Spring rolls (Chun Juan) derive their name from the traditional festival for which they are traditionally prepared: the Spring Festival (Chunjie), also known as Chinese New Year.
Preparation time: over 30 minutes
Ingredients for 20/25 spring rolls
Ingredients
Shan'shi ingredients
- 2 tsp. Shan'Shi sesame oil
- 3 tbsp Shan'Shi soy sauce
- 2 tbsp. Shan’ Shi wok oil
- 1 liter Shan’ Shi peanut oil
- 1 bottle Shan’ Shi chili sauce sub
- 1 jar Shan’ Shi Sambal Olek
- 1 1 packet (100 g) Shan’ Shi glass noodles
- 1/2 jar Shan’ Shi bamboo shoots
- 1/2 jar Shan’ Shi bamboo shoots
Additional ingredients
- 1 tsp salt
- 2 tbsp sugar
- 1 tbsp. garlic (chopped)
- 30 g spring onions (chopped)
- 30 g shiitake-mushrooms (sliced)
- 300 g carrots (cut into sticks)
- 500 g white cabbage (cut into sticks)
- 25 spring roll sheets (you can easily find them frozen in any Asian grocery store)
- 2 tbsp flour
- 4 tbsp water
The crispy, golden rolls are said to symbolize gold ingots and bring prosperity in the coming year. What’s more, spring rolls are one of the most popular Chinese dishes worldwide, loved by adults and children alike: the perfect finger food idea when entertaining family and friends.
Preparation
Heat the wok oil in a medium-sized wok, add the garlic and fry for a few seconds. Add all the vegetables, continue stirring for a few minutes, then add the glass noodles (which you have previously soaked in water and drained), also add sesame oil, soy sauce, salt and sugar. Stir for a few more minutes until all the ingredients are well combined. Set aside and leave to cool. The filling must be cold when we make the spring rolls.
Mix flour and water in a cup, this is needed to fix the dough sheets. Now we are ready to roll! Take a spring roll sheet and place it on the table with one corner in front of you, place about 1 teaspoon of your vegetable filling on top and fold the sheet up twice. Then fold in the sides and roll it almost to the top and stick the end down with a little flour and water. Do this with all the other spring rolls.

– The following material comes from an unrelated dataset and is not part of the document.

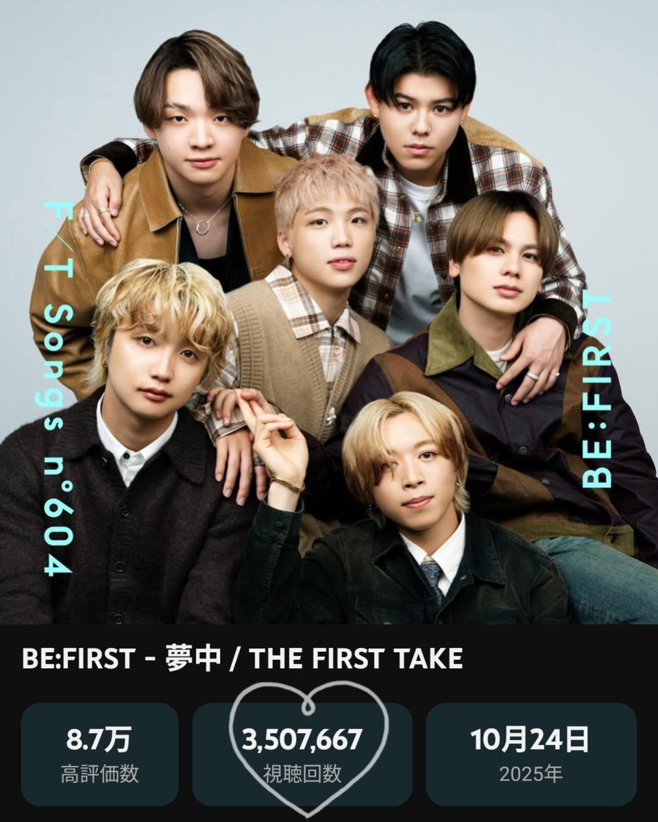 350万回再生突破おめでとう💖 素敵な歌声と表情に釘付けになる… レコ大にも選出こっちももっと沢山聴いてもらいたいな #BF_夢中 BE:FIRST -夢中 / THE FIRST TAKE youtu.be/rVdKC3PU434?si… pic.x.com/xWPTOcedWN

You can fry your spring rolls in a deep fryer or in a large wok or even in a pan. Pour in 1 liter of peanut oil and heat until ready to fry (you can check if it’s ready by adding some flour to the oil). Fry 4-5 spring rolls at a time until golden brown. When they are ready, place them on kitchen paper to soak up excess oil. Serve hot, accompanied by a hot and sour dipping sauce.
Tip:
You can easily prepare the sauce in advance by mixing a bottle of chili sauce sweet with a teaspoon of sambal olek for an extra spicy kick.